So these Letters are comprehensive, covering 29 of the 32 counties of Ireland (the exceptions are Antrim and Tyrone, the maps of which were printed before the idea of sending O’Donovan into the field was thought of, and Cork, the largest county and last to be mapped). They were written between 1834 and 1841, well before the Great Famine destroyed so many of our traditions. They were composed and contributed to by an exceptionally gifted and ambitious group of Irish scholars, O’Donovan and O’Conor, O’Curry and O’Keeffe, with a backroom staff including George Downes, George O’Lawlor, the indexer of so many volumes, George Petrie and James Clarence Mangan, who had previously worked as a scrivener in a lawyer’s office in Dame St., and the artists Wakeman and Du Noyer. And O’Donovan often wrote cameos about the characters he met in the field, like Hennelly, whom he met at Ballintober.

The present printed edition, limited in number and edited direct from the original Manuscripts, which are now in the Royal Irish Academy, distinguishes between the contributions of the various authors and authorities, particularly between the material written in the field and material copied by scriveners from older printed and manuscript sources in the Dublin libraries and edited with scissors-and-paste into the Letters. One set of most interesting material in the present Mayo volume is the stories written for O’Donovan by Hennelly, the hedge schoolmaster of Ballintober Abbey, in which quotations in Irish are written in phonetic English script.

This Mayo volume is the ninth in a projected series of 23 volumes. O’Donovan began work at Ballina in Mayo with his colleague, Thomas O’Conor, early in May 1838. On Saturday, May 12th, he wrote the first of 70 letters to Thomas Larcom, Superintendent at the headquarters of the Survey in Dublin, reporting on their first sortie into Tirawley, where St. Patrick had built a square earthen church of clay for want of wood. Larcom, sensing the need to meet adverse criticism, was pressing his team forward. Complimenting O’Donovan on his part in the work so far on April 26th, he argued the need for ‘exceptional rapidity’ in that year’s Survey; he felt it necessary ‘to publish rapidly now, that we may get a hold on public opinion.’

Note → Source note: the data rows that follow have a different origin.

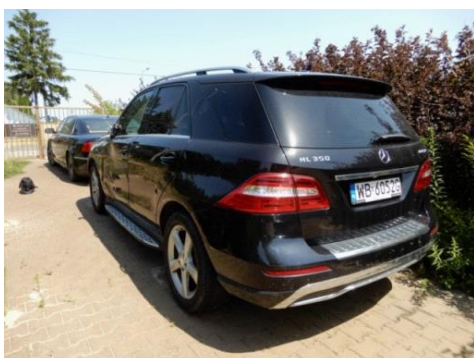
ML 350 (4)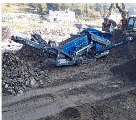
Criblage avant export.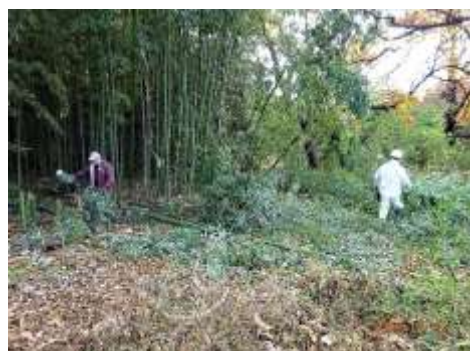
未整理だったマダケの伐倒後の整理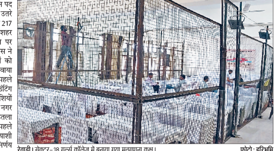
रेवाड़ी। सेक्टर-18 गर्ल्स कॉलेज में बनाया गया मतगणना कक्ष।

O’Donovan continued in Killala and Rathfran, while O’Conor went first east to the O’Dowda country of Killgarvan and Attymas, then west to Cross-Patrick, Kilcummin, the tribal centre at Mullafarry, and finally D·n Briste, where he quoted at length from McParlan’s Statistical Survey of the county.

On May 25th, O’Donovan parted company with O’Conor to visit on the Mullet peninsula ‘the celebrated father Lyons’, who had promised him every assistance. As well as assuring him congenial company in comfortable quarters, this enabled O’Donovan to see and report briefly on the Promontory Fort with chevaux-de-Frise of Dunnamo, to visit Brendan’s hermitage on the island of Inishglora and to record the results of Dean Lyons’s investigations on the Inishkeas. He also took down the story of Deodruisg and Dun Briste at Lyons’s dictation in the local Irish dialect.

O’Conor moved south from Ballycastle past Nephin via Nephin and Foxford, staying a night at the Pontoon Hotel; then Swinford, Ballaghaderreen, Claremorris, Ballyhaunis and Castlebar, while O’Donovan took the western route south to Westport and Ballinrobe. They met at last at Ballinrobe on August 10th, where, having compared notes, O’Donovan wrote an essay of over 100 pages on the ancient territories of the county. They wrote up the remaining Parish reports on Mayo at Tuam in late August before moving on to begin work in county Galway.